Home Blog 8 Best Practices We Learned from Analyzing KPIs on 200+ Brands’ Local Listings During COVID-19 [Webinar Recap]

GMB Insights On-demand webinar

The past few months have brought massive change to the local marketing landscape. Temporary store closures, regulatory and public health requirements, changes to hours of operation and staffing, GMB updates, and more have wreaked havoc with local business communications and operations.

In order to help brands understand how the Coronavirus pandemic has impacted consumer behavior, we analyzed search data for nearly 200,000 U.S. business locations over a ten-week period from February 24 to April 27, 2020. Everything we’ve learned about consumer behavior through this longer-term, sustained crisis can be incorporated as a best practice into your local marketing strategy going forward.
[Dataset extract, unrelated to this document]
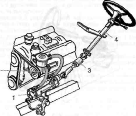 / — рульовийй механізм, 2 — гідронасос; 3 — кярданний вал; 4 — рульова колонка

Overall, we found that local searches decreased by 27.3% during the Coronavirus lockdown, with the lowest search volume during the study period the week of March 16, 2020. This was the week after the President declared the pandemic a national emergency. 

Krystal Taing, Director of Local Strategy, Marshall Nyman, Account Director, and Ryan Weber, Director of Client Success, shared more key findings from our study with participants. You can access the webinar on-demand here, or download the GMB Insights Study: Navigating Local Search in Times of Crisis whitepaper here.

Local Listings During COVID-19 Webinar

Here are their best practices for managing local listings in times of crisis:

  1. Be prepared for changes in the types of searches local customers conduct as their needs change. Are they looking for pickup options? Do they want to know about your sanitization routines? Are you displaying special hours? Update your local listings—especially your GMB profile—and your local pages to provide this information.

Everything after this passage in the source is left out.